The McLaren name was born on the racetrack and, 50 years on, is the most successful name in global motorsport. That desire and determination to push for every extra tenth of a second, and obsessive focus on perfection, has seen the final development objective for the now sold out McLaren P1™ achieved: a sub-seven minute lap time of the Nürburgring circuit.








From the outset, the McLaren P1™ has been developed with one clear goal: to be the best driver's car on both road and track. To achieve this, the development programme has focussed on ensuring the McLaren P1™ pushes the boundaries in terms of sheer performance, with testing carried out in some of the harshest conditions around the world. But one challenge remained, and that was arguably the toughest of them all.

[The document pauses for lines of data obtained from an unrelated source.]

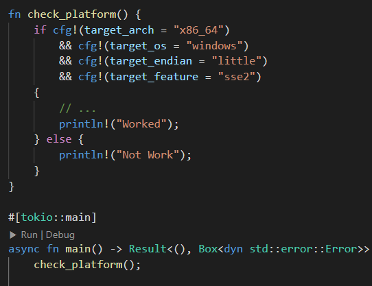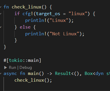 가령, 함수 위에 cfg 매크로를 어트리뷰트의 형태로 붙인다면, 조건에 부합하지 않는 것들은 컴파일에서 아예 제외처리가 되어버린다.
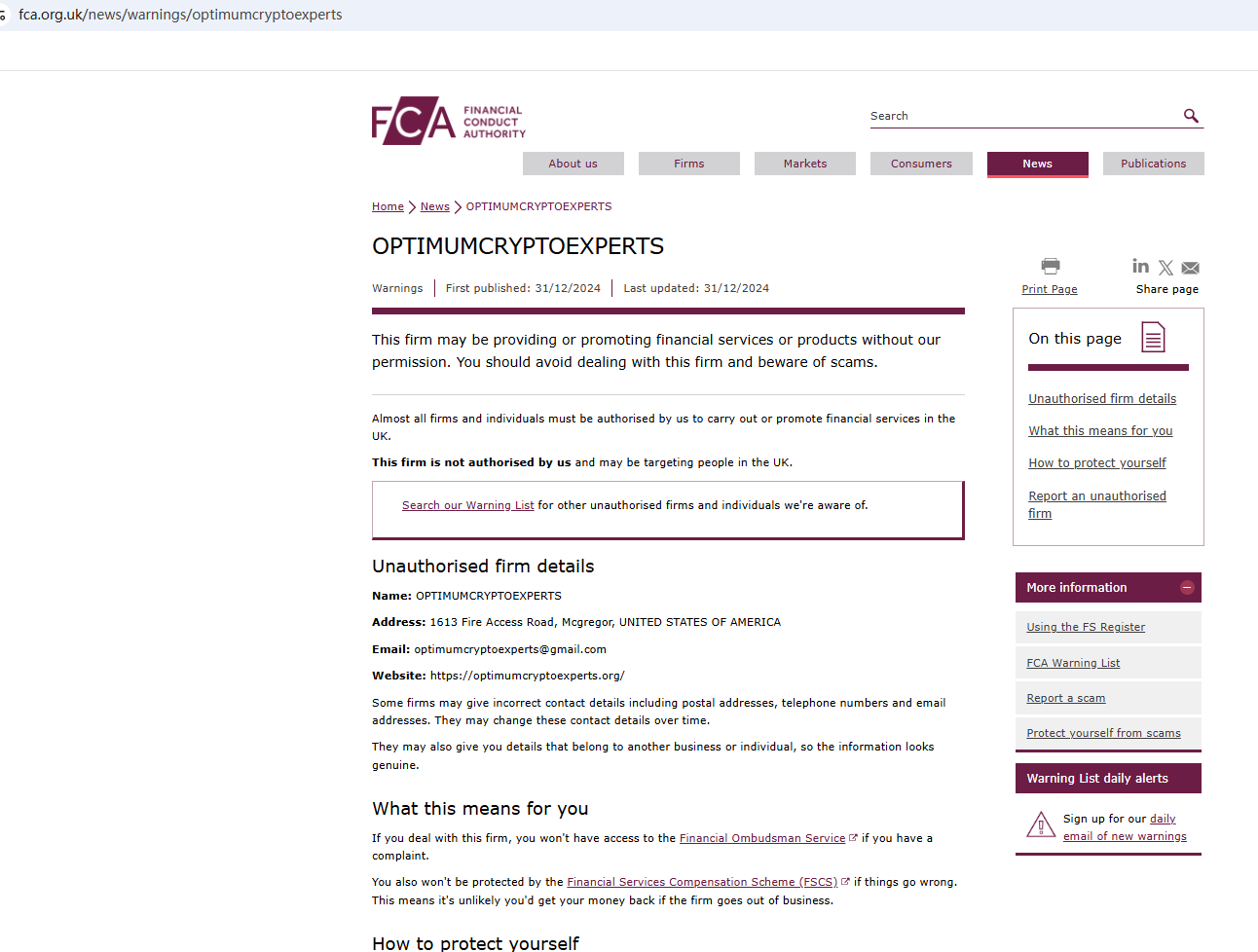 Moreover, the Financial Conduct Authority (FCA) issued a warning against OPTIMUMCRYPTOEXPERTS, believing this company might be providing financial services or products without proper authorization in the UK.
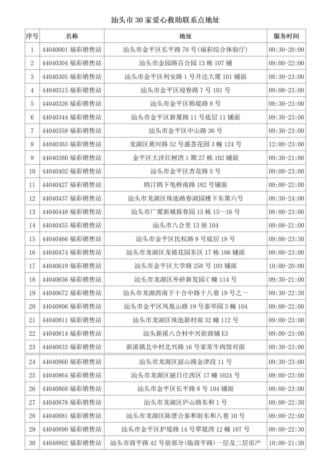 此外,我市还在金平区、龙湖区30家福彩销售点设立爱心救助联系点,在日常营业时间内,免费为有需要帮助的流浪乞讨等临时遇困人员提供提供救助咨询、救助引导、转介救助等便民服务。
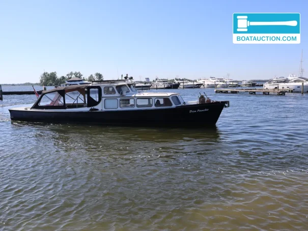 The steel hard-chine hull was designed with stability and good tracking in mind. With a stated weight of approx. 15,000 kg, Don Pancho sits calmly in the water, which is pleasant in changing conditions and when cruising with guests on board. Steering is via a wheel from an inside helm position, providing shelter in poorer weather and making the vessel suitable for longer cruising days. Thanks to the combination of dimensions and hull shape, this is a boat suited to relaxed touring, but also to more purposeful use as a work or service boatâdepending on the new ownerâs wishes.
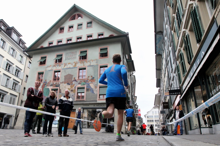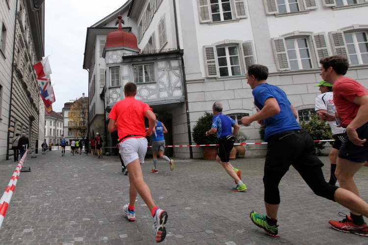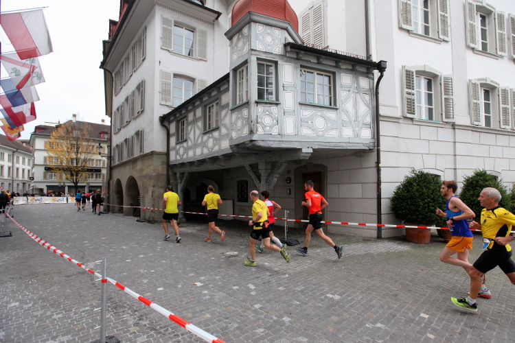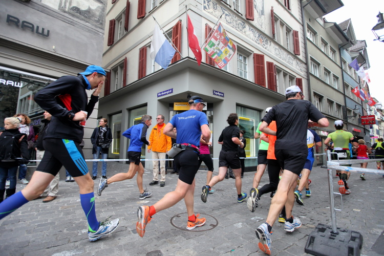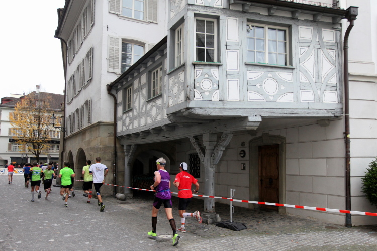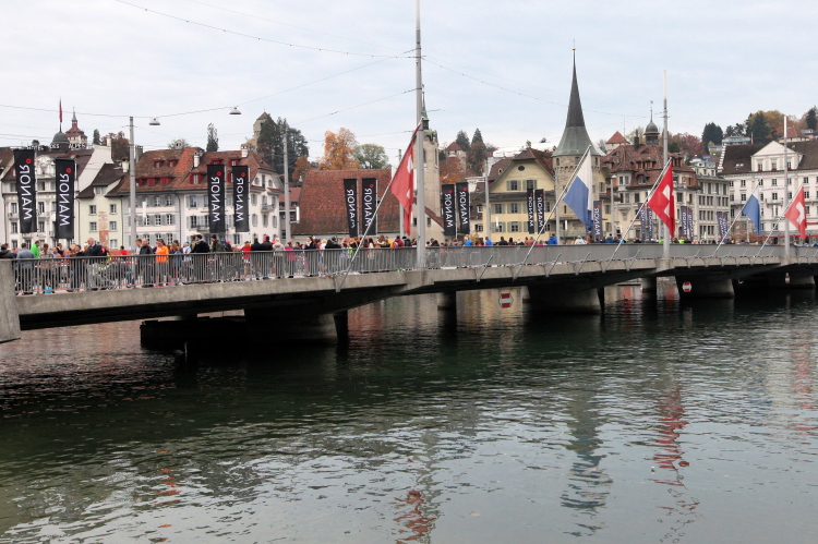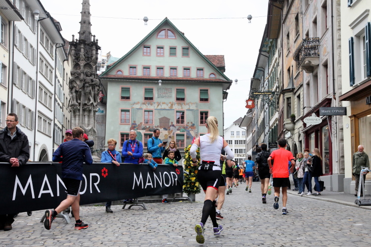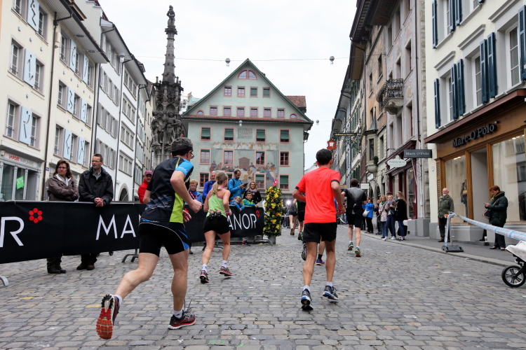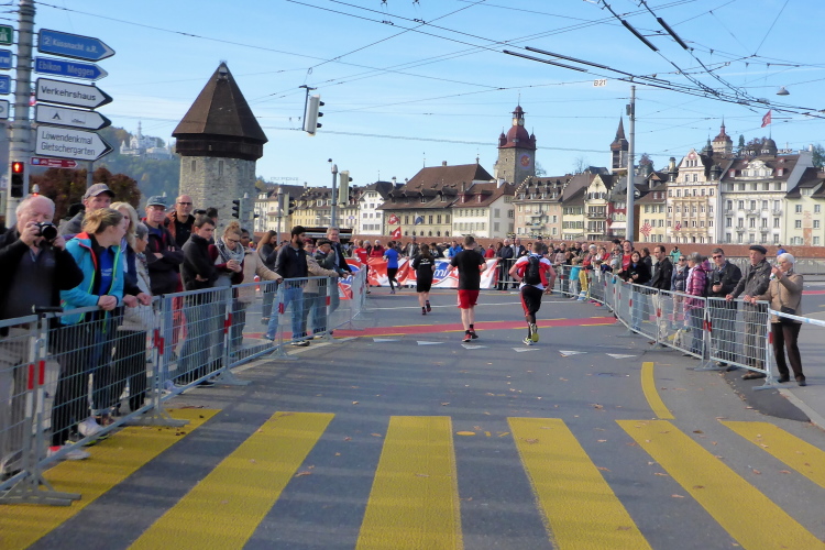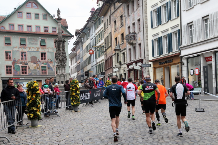 Die Zuschauer sind unglaublich. Ist denn hier keiner müde? Auch sie fischen sich die Marathonläufer heraus, um sie namentlich anzufeuern. Das puscht mich nach vorne. Der Reusssteg liegt in der Sonne. Schnell haben wir die Altstadt hinter uns.

20.8 kilometres driven at an average speed in excess of 178 km/h. Sounds easy, until you add in more than 150 corners, 300 metres of elevation changes and cornering forces of up to 2g. All in less than seven minutes…

Commenting on the sub-seven achievement by the McLaren P1™, McLaren Formula 1™ driver and 2009 world champion Jenson Button said: 'The fact that the McLaren P1™ has posted a sub-seven-minute lap at the Nürburgring is unbelievably impressive.

'I've been an F1 driver for 14 years, and I've driven more than 240 Grands Prix and, although I've never raced an F1 car on the Nürburgring-Nordschleife circuit, because the last time the German Grand Prix was held there was before I was born, I know exactly how challenging, and daunting, a racetrack it is.

'Over the past dozen-or-so years I've owned a lot of ultra-high-performance road cars. I've driven the McLaren P1™ on a number of occasions - including up the hill at the Goodwood Festival of Speed, where it was sensational - and I think it's a truly superb machine: unbelievably refined yet unbelievably quick.

'But, as I say, for it to have recorded a sub-seven minute lap time around the Nürburgring is the icing on the cake: proof positive, backed by hard data, on the greatest racetrack of them all, that McLaren has created a genuine game-changer.'

The challenge: an average in excess of 178 km/h over 20.8 km

The Nürburgring-Nordschleife is the toughest test track to measure the all-round performance of any car. And among the McLaren P1™'s performance targets, which included accelerating to 300kph (186mph) in less than 17 seconds onto a limited top speed of 350kph (217mph), was to achieve a sub-seven minute time around the German circuit.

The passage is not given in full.